Stored data:
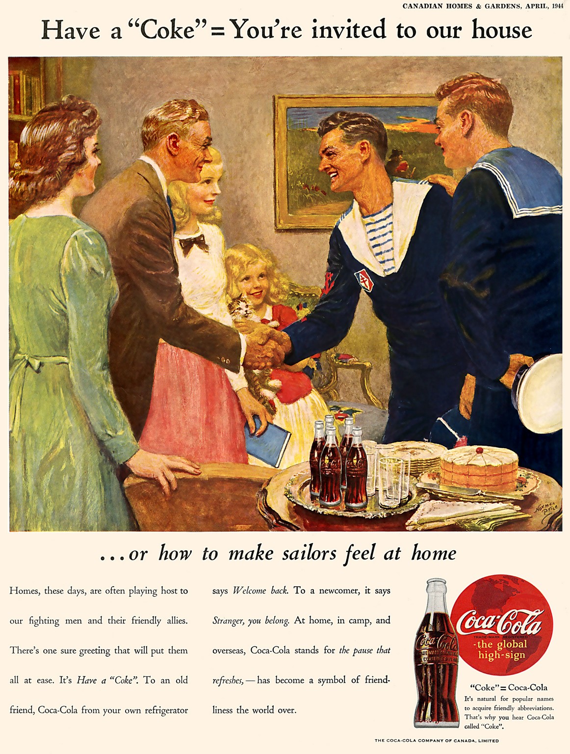 1944 Have a ‘Coke’ = You’re invited to our house … or how to make sailors feel at home
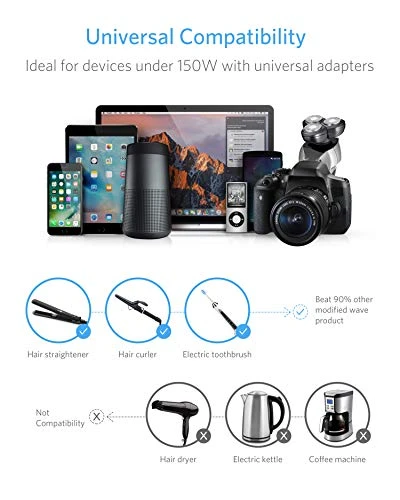 - 【The World’s First Pure Sine Wave】 BESTEK power converter provides more stable sine wave output and convert all countries’ voltage to US voltage (110V), more compatible to all kinds of electronic devices and digital products.
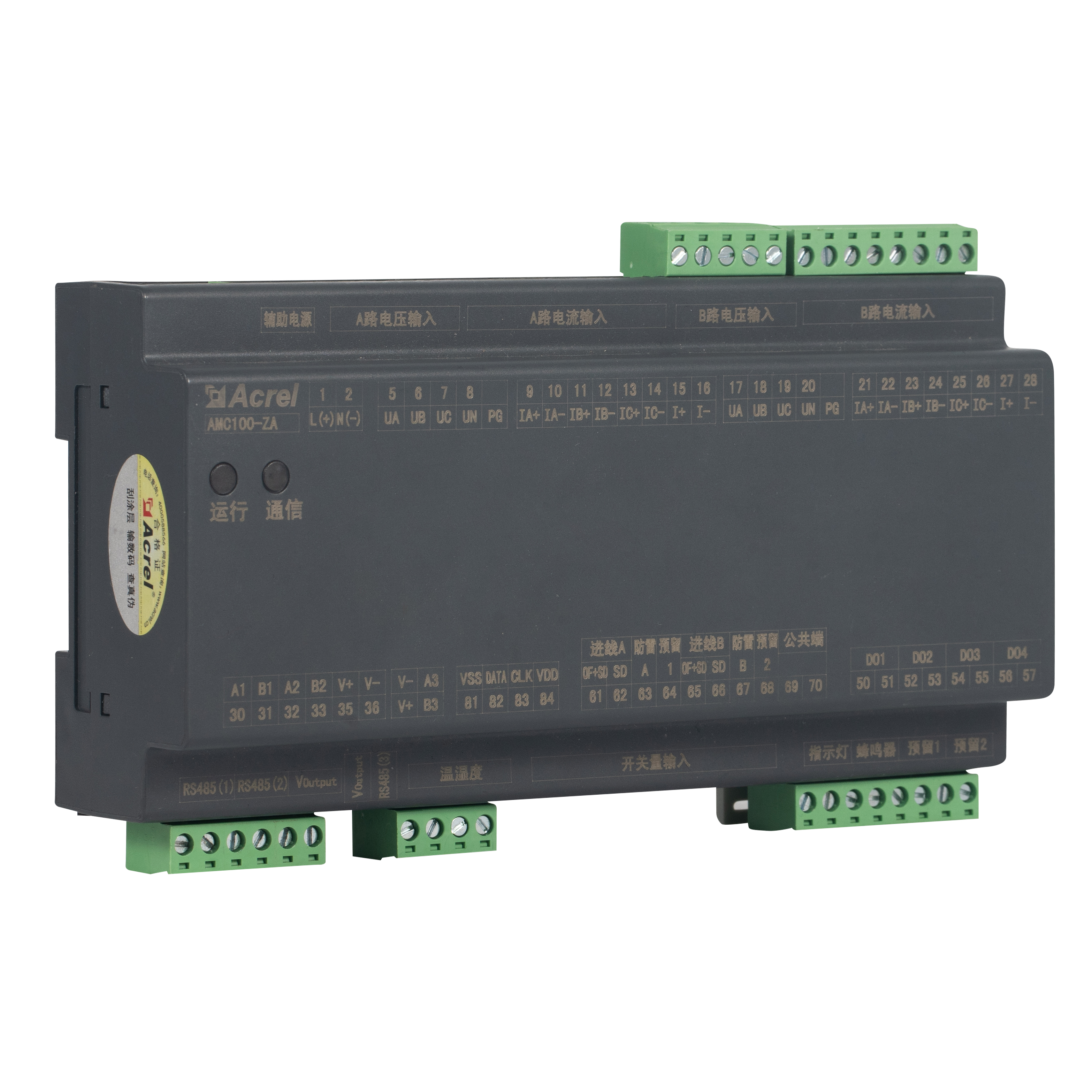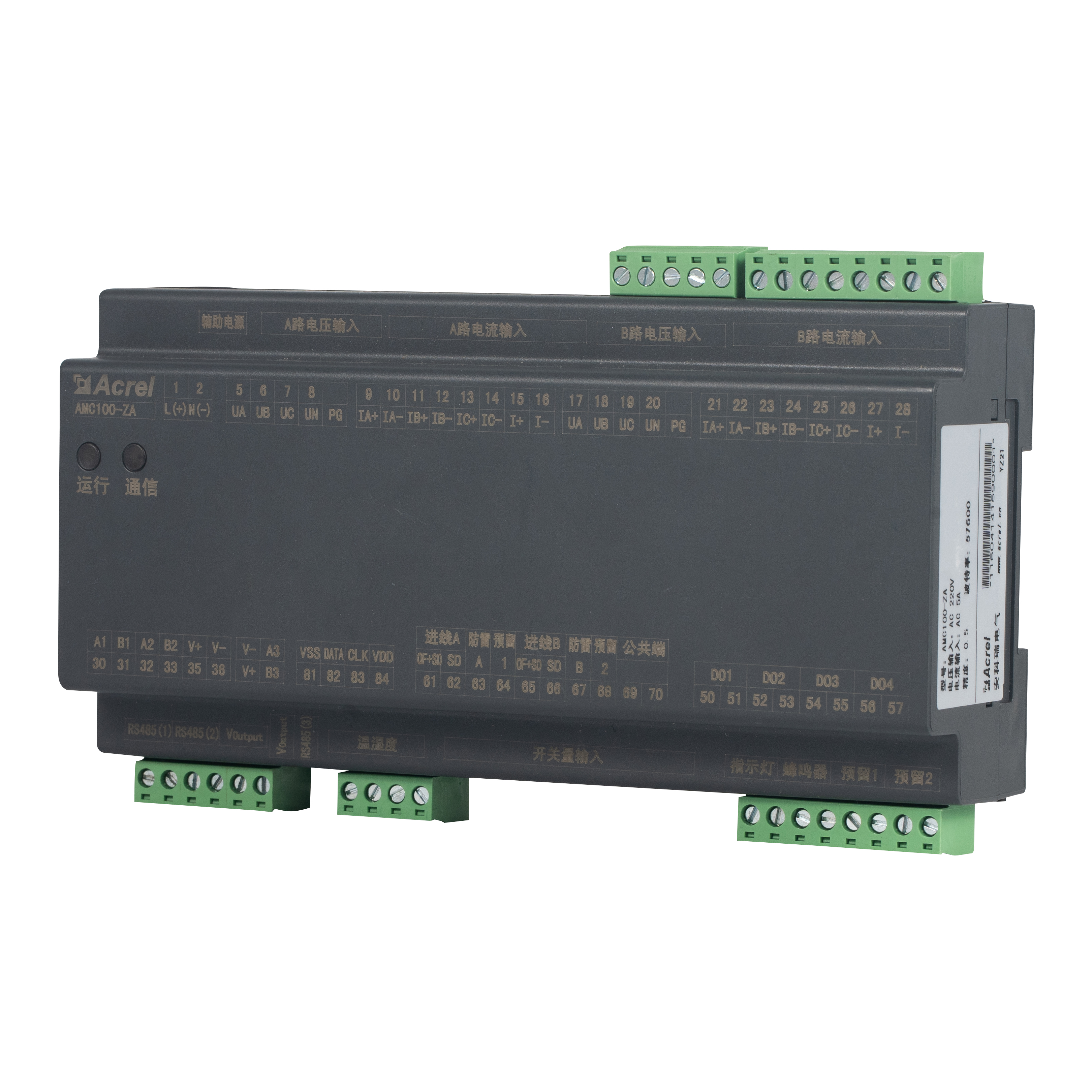 AMC100-ZA là thiết bị giám sát phân phối nguồn chính xác DIN-rail AC của Acrel được thiết kế cho giá đỡ máy chủ trung tâm dữ liệu. Nó đồng thời theo dõi đầy đủ các thông số điện của nguồn cấp kép ba pha A B, 192 mạch ra, 8 điểm trạng thái DI/4 DO, 2 kênh rò, 1 cảm biến nhiệt độ-độ ẩm và 63 sóng hài. Ba cổng RS485 Modbus-RTU cho phép tích hợp BMS/DCIM liền mạch. Vỏ 180 mm nhỏ gọn, độ chính xác ±0,5 %, ngưỡng cảnh báo trên mỗi kênh và cảnh báo ánh sáng âm thanh tức thì giúp giảm lãng phí năng lượng và thời gian ngừng hoạt động, khiến nó trở thành trung tâm có thể mở rộng của các giải pháp giám sát PDU hoặc busway AC của trung tâm dữ liệu xanh.

About this task:
A verbatim transcription of the listing is expected, with no pictures included.

Written answer:
 1944 Have a ‘Coke’ = You’re invited to our house … or how to make sailors feel at home
 - 【The World’s First Pure Sine Wave】 BESTEK power converter provides more stable sine wave output and convert all countries’ voltage to US voltage (110V), more compatible to all kinds of electronic devices and digital products.
 AMC100-ZA là thiết bị giám sát phân phối nguồn chính xác DIN-rail AC của Acrel được thiết kế cho giá đỡ máy chủ trung tâm dữ liệu. Nó đồng thời theo dõi đầy đủ các thông số điện của nguồn cấp kép ba pha A B, 192 mạch ra, 8 điểm trạng thái DI/4 DO, 2 kênh rò, 1 cảm biến nhiệt độ-độ ẩm và 63 sóng hài. Ba cổng RS485 Modbus-RTU cho phép tích hợp BMS/DCIM liền mạch. Vỏ 180 mm nhỏ gọn, độ chính xác ±0,5 %, ngưỡng cảnh báo trên mỗi kênh và cảnh báo ánh sáng âm thanh tức thì giúp giảm lãng phí năng lượng và thời gian ngừng hoạt động, khiến nó trở thành trung tâm có thể mở rộng của các giải pháp giám sát PDU hoặc busway AC của trung tâm dữ liệu xanh.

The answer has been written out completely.